They ask, “What do you do for a living?”
“I’m a financial advisor,” I say, or “I own and run a financial planning firm.”
From there the typical reply is along the lines of,
“Oh, what do you think of the markets right now? What should I be buying? What are your thoughts on Apple stock? What will happen if so and so wins the next election? What should I be investing in?”
“You should be investing in a good financial planner,” is what goes through my mind.
Investing is like a prescription. It’s what you do after you’ve gone through a thorough exam and diagnosis.
This where I think most of the financial services industry gets it wrong.
Take a thirty-year-old as an example. They are investing in their 401k. They are nervous about losing money. They either fill out an online risk questionnaire or meet with a financial advisor - and this is supposedly the exam part. They express their concern about losing money if the market goes down. Then the diagnosis part. The computer model or advisor recommends they invest in a balanced fund that maintains an allocation of about 60% stocks and 40% bonds.
This is not a terrible recommendation - but to me - it seems like a recommendation made for all the wrong reasons.
At age 30, under normal circumstances, the earliest you can withdraw from your 401k is age 59 1/2 - about thirty years in the future.
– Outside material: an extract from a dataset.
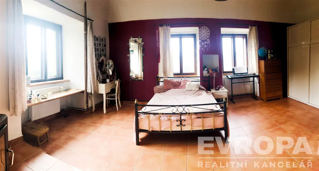 V dojezdové vzdálenosti od Prahy – 18 km od Jesenice, jen 7 km od Benešova, v malebné obci Bukovany, nabízíme na pozemku o rozloze 1554 m2, poctivě rekonstruovanou, prostornou chalupu s osobitým historickým kouzlem, nyní využívanou k trvalému bydlení, ale vhodnou i jen na rekreační účely. Pozemek domu je umístěna na kopci s hezkým výhledem. Přízemí domu s rozlohou 208 m2 nabízí velkorysý prostor o dispozici 4+kk a stejně velkou půdu s vysokými krovy, kde lze realizovat půdní vestavbu po celé její rozloze, s odděleným vchodem.

You would think the primary goal would be the investment mix that maximizes the potential for return over a thirty-year time horizon. Yet, almost the entire financial services industry focuses instead on minimizing the downside risk, or volatility, that you might experience in any one year.
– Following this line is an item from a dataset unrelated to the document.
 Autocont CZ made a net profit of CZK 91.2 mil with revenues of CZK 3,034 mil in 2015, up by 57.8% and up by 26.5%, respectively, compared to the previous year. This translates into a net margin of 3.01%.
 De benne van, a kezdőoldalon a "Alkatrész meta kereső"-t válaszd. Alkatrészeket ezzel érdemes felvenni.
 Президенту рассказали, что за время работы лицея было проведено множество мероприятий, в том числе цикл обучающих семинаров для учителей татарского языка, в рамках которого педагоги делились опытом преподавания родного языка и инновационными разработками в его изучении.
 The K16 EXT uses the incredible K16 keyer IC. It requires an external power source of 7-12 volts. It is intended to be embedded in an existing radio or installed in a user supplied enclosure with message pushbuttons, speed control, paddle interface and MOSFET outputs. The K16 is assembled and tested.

Why? It makes no sense to me.
Why would I structure my investments to reduce short term volatility for an account I’m not going to touch for thirty years?
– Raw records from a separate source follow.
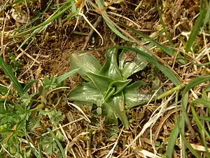 The plant needs many years to grow large enough (eight years) to produce above-ground parts, and to produce a flowering stalk (another three years). Even then, it mostly flowers once every few years, and will during hard times not surface at all. The stem is greyish green, usually 7–20 cm (2.8–7.9 in) (in Southern Europe exceptionally 40 cm) high, unbranched, erect, and terete. Especially further up, the stem is covered with short transparent glandular hairs. Below the flowers stand three to seven grayish green, acute leaves that envelop the stem, with membranous edges and three to five veins. Sometimes the withered leaf remains of the rosette of the previous year are still visible at the base of the stem.[2]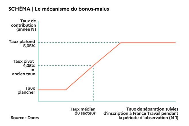 Les entreprises concernées (hors entreprises relevant des secteurs protégés qui en sont exemptées la première année) voient leur cotisation chômage varier entre 3 et 5,05 % de leur masse salariale selon leur niveau de recours aux contrats courts, contre un taux fixé en principe à 4,05 %.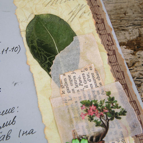 На одной страничке Вы можете насчитать 5-6 видов бумаги. А на всём развороте я насчитала 10 видов (без учета фотографий). В артбуках именно бумага - главный инструмент для создания многослойности.
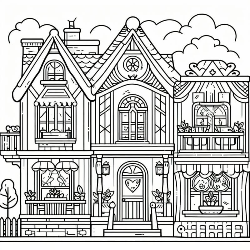 ציור של בית הבובות לצביעה, איור של בית הבובות להדפסה לצביעה לילדים

Contrast this with someone who is age 65 and about to retire. One popular rule of thumb says take 100 minus your age and that is what you should have in bonds. I’ve also heard a version of this rule that says take 110 minus your age. Following this type of rule, you come out with a 65 - 75% allocation to stocks and a 25-35% allocation to bonds. In many cases, it is the same recommendation made to the thirty-year-old. Is this recommendation aligned to your goals? It might be. But in many cases it still doesn’t add up.
For example, suppose in your plan you are drawing out of a taxable brokerage account first - then your IRA when you reach age 70, then your spouse’s IRA, and he or she is five years younger than you. Suppose you also each have a Roth IRA, but you don’t plan on touching that account at all. Should all of these accounts be invested with the same risk profile, with about 60% in stocks and 40% in bonds? In my mind that makes no sense at all, yet that is the type of investment recommendation most often given.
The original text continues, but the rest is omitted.